第拾陸幕の拾参
土方歳三と同じ悩みを聞け!
「私は今までいろんな人から告白されて、数えきれないくらいのラブレターをもらってきた」
そう切り出すと自慢かと苦い顔をされるが、あおいは続ける。
「その送り主は同学年なんて当たり前、ある時は違う学年から、またある時はよその学校の人、送ってきた相手の中には私と同じ女の子もいた。名前も知らない人からもらうなんて何回あったか覚えてない」
冷静に話すあおいと、突きつけられた疑問が渦巻く中にスケールの大きな話についていけずティーガー。

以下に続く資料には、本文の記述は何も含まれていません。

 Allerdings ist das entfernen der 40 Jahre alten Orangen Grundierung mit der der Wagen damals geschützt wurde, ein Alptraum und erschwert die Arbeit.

「私はいつもラブレターをもらうとその場では対応できなかった。でもいつも時間をおいてからしっかり読んで、返事をしたうえでちゃんと断った。なんでかわかる?」
ティーガーは黙ったままだった。
「それはラブレターを書くくらいだから相手が私のことを真剣に思っているから。あんたは今まで自分の気持ちを押し付けているだけでさくらのことをこれっぽっちも考えてない。さくらと気持ちを通じ合わせるにはどうすればいいか、それを意識しない限り、さくらには一生振り向いてもらえないよ」
冷たく通告するあおいに、ティーガーは渇いた笑いをこぼす。
「……ははは、一生か。ならそれは永遠にできない話になるな」
「……もしかして、やっぱりあんた……!」
ふとしたことで思い出した記憶から過去の出来事を語り出すあおい。ティーガーはそれを補完していく。

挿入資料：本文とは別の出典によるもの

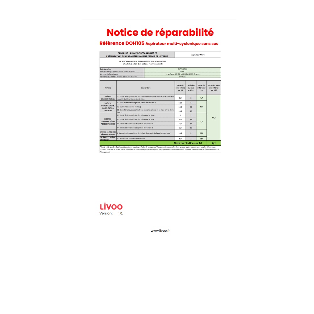 doh105b - aspirateur sans sac 80db bleu - L'aspirateur multi-cyclonique sans sac Livoo DOH105B est doté d'un filtre à poussière permanent lavable avec système de filtration multi-cyclonique. Interrupteur marche/arrêt au pied. Tube flexible avec contrôle de débit d?air à la poignée. Enrouleur automatique et poignée de transport. Position parking verticale et horizontale intégrée. Embout 2 en 1 brosse/suceur plat inclus.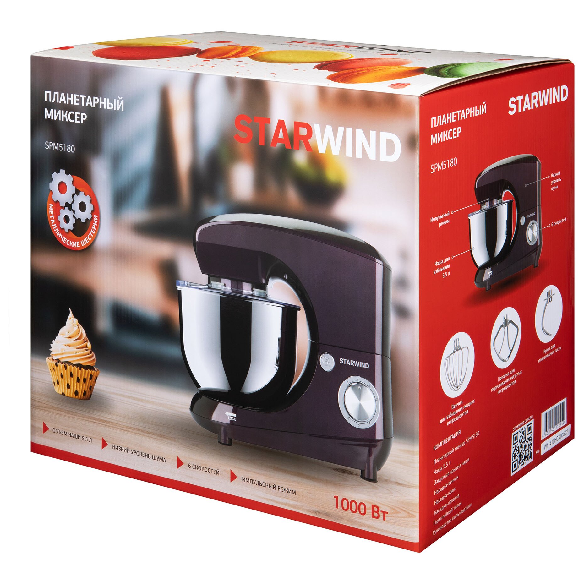 Планетарный миксер Starwind SPM5180 – функциональная модель, которая гарантирует быстрое смешивание ингредиентов и устранение комочков в креме, муссе и соусе. Станет помощником каждой хозяйке, которая оценит его по достоинству. Мощность современного планетарного миксера составляет порядка 1000 Ватт, а объем предусмотренной в конструкции чаши равен 5,5 литра. Имеется шесть скоростных режимов, а принцип действия основан на планетарном вращении. Корпус изготовлен из прочного пластика, выполнен в ежевичном цвете. В комплекте есть три насадки, ножки прорезиненные.

「ああそうさ! 俺だけじゃない、俺たちオリエント・ゾディアックはみんなそうだよ!!」
「(やっぱり……! じゃああの事故は……!)」
核心に辿り着くあおいに、ティーガーは仲間のピンチを忘れてはならないと忠告し、送り出す。
その言葉に何も言わずに代わりに鋭い目線を送ったあおいは、振袖小町になりながら仲間たちのピンチに駆けていった。小さくなっていく背中に、さくらのために自分に何ができるか、ティーガーは考えるために廃研究所に戻っていった。
モニターを自分のハンマーで強打したネガボットは顔面が砂嵐のまま元に戻らず、正常な判断ができなくなって視界に入る人物全てが登美に見えてくる。ターゲットが増えたと勘違いしたネガボットは無差別攻撃を開始し始める。
「うわ、やっば」
自分も攻撃対象になりかねないと判断したプチッツァは大急ぎで空高くに避難する。逃げ遅れた人々を避難させていたかんなは、彼女が高く飛んでいく姿が目に入る。
「……あれは……?」
普通であれば人間は空を飛ぶことはできない、そして今のシチュエーションからして飛んでいった人物もオリエント・ゾディアックのメンバーだろうと推測するが、間近で見たわけでもないのにこれまでに見た面々とはどこかが違う雰囲気を彼女は感じ取りながら避難誘導に従事した。
モテてモテて困る(と言っても舞妓さんからだが)という趣旨の手紙を彼女たちからのラブレターを同封して送ったことがある土方歳三、しかし他校の生徒や同性からもラブレターもらう小学生って地域中に噂になってるな……。